Most enterprises poor at measuring information security effectiveness

“Having real measurement processes and data gathering efforts in place are really important. It turns out these are not prevalent among the majority of organizations”, said Joe Gottlieb, president and chief executive of SenSage.

In addition, 53% of enterprises have little or no coordination among five critical security processes – log management, compliance reporting, real-time monitoring, forensic investigation, and incident response – the SenSage survey, The State of Security Information and Event Management Processes, found.

SenSage surveyed 375 attendees at the 2011 RSA Conference in San Francisco. This is the second year in a row that the company has conducted a survey at RSA.

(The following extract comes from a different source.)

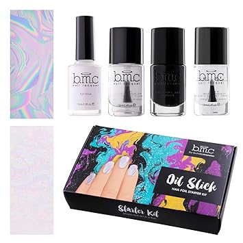 Amazon Com Bmc Oil Slick Nail Art Foil Starter Kit Base Coat

More than a third of respondents said that they have no proactive efforts in place to improve the five critical information security processes or that their improvement efforts have been inconsistent.

“Organizations have challenges of finite staff and budgets coping with an ever-advancing threat landscape. In defense circles, they call this an asymmetric situation, where the attackers need to find only one vulnerability, and the defenders have to protect everything”, Gottlieb told Infosecurity. “Mainstream organizations are just doing the best they can with reactive triage”, he added.

Gottlieb explained reactive triage as follows: “When you have an incident happening, people try to deal with each other as best they can. But clearly there are no pre-arranged pieces of infrastructure, data sharing, or shared processes.”

As a result of this absence of coordination, measurement, and proactivity, 57% of organizations perceive their log management, compliance reporting, real-time monitoring, forensic investigation, and incident response processes to be ineffective or "somewhat effective" at best.

A full 52% of respondents said that they had encountered obstacles to data access and analysis while performing their security duties. Only 27% said that they had not encountered obstacles.

“This was a new question we asked, and we think it validates the need for greater data analysis in the security domain. People are just not getting the data they need”, Gottlieb said.

“The coordination and sharing of data can drive much more objective and thoughtful improvements to the security operations”, he concluded.